Functionality switches
Each of these macros enables some of the functionality the table has.
-
HASH_WANT_CLEANUP — HASH_PREFIX((cleanup()
-
HASH_WANT_FIND — HASH_PREFIX((find()
-
HASH_WANT_FIND_NEXT — HASH_PREFIX((find_next()
-
HASH_WANT_NEW — HASH_PREFIX((new()
-
HASH_WANT_LOOKUP — HASH_PREFIX((lookup()
-
HASH_WANT_DELETE — HASH_PREFIX((delete()
-
HASH_WANT_REMOVE — HASH_PREFIX((remove()
Generated functions
These are the function that the header file generates for you. The strange first parameter of each function is a place where the HASH_PREFIX(table) * resides when you define HASH_TABLE_DYNAMIC. If you do not, the parameter is empty.

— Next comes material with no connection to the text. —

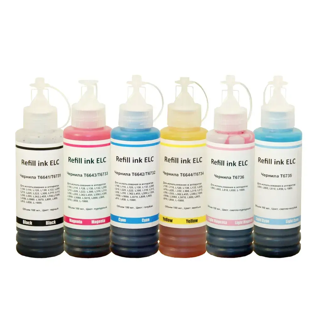 Совместимые чернила ELC для принтеров Epson в комплекте 6 цветов по 100 мл., желтый, синий, светло-синий, пурпурный, светло-пурпурный, черный.
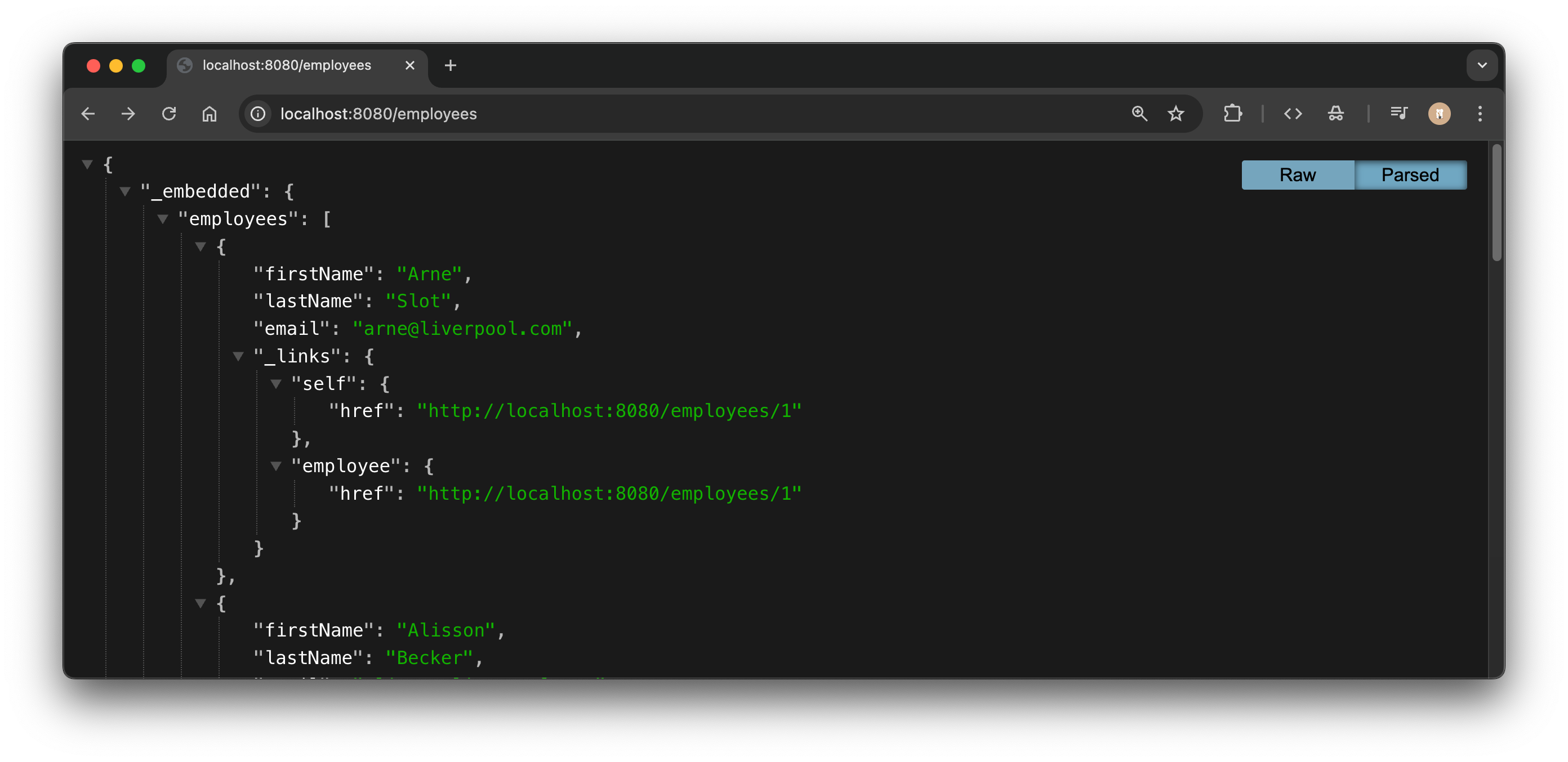 사용 방법은 더 간단하다. 단순히 Maven POM file 에 spring-boot-starter-data-rest 를 추가해주면 끝이다. 더 이상의 code 는 필요하지 않다.

static void HASH_PREFIX(init)(TA);
Initializes the hash table. This one is available no matter what HASH_WANT_ macros you defined or not.
static void HASH_PREFIX(cleanup)(TA);
Deallocates the hash table, including the nodes. It is available if you defined HASH_WANT_CLEANUP.
static HASH_NODE* HASH_PREFIX(find)(TAC HASH_KEY_DECL);
Finds a node with given key (specified in the HAS_KEY_DECL parameter). If it does not exist, NULL is returned.
Enabled by the HASH_WANT_FIND macro.
static HASH_NODE* HASH_PREFIX(find_next)(TAC P(node) *start);
Finds next node with the same key. Returns NULL if it does not exist.
Enabled by the HASH_WANT_FIND_NEXT macro.
static HASH_NODE * HASH_PREFIX(new)(TAC HASH_KEY_DECL);
Generates a new node with a given key.
Enabled by the HASH_WANT_NEW macro.
static HASH_NODE* HASH_PREFIX(lookup)(TAC HASH_KEY_DECL, int *new_item);
Finds a node with a given key. If it does not exist, a new one is created. It is strongly recommended to use HASH_GIVE_INIT_DATA.
This one is enabled by the HASH_WANT_LOOKUP macro. The new_item argument is available only if HASH_LOOKUP_DETECT_NEW was given.
static int HASH_PREFIX(delete)(TAC HASH_KEY_DECL);
Removes a node with the given key from hash table and deallocates it.
Success is returned.
This one is enabled by HASH_WANT_DELETE macro.
static void HASH_PREFIX(remove)(TAC HASH_NODE *n);
Removes a given node and deallocates it. It differs from HASH_PREFIX(delete)() in its type of parameter — this one deletes a specific node, that one looks for it by a key.
Enabled by HASH_WANT_REMOVE macro.
Iterator
You can use the HASH_FOR_ALL iterator macro to run trough all the nodes. Lets say your HASH_PREFIX(x) macro is defined as prefix_##x. Then you would do something like:
HASH_FOR_ALL(prefix, node_variable) { do_something_with_node(node_variable); } HASH_END_FOR;
If you use HASH_TABLE_DYNAMIC, use HASH_FOR_ALL_DYNAMIC(prefix, table, node_variable) instead.
You may not modify the table inside the block. Use HASH_BREAK and HASH_CONTINUE instead of break and continue statements.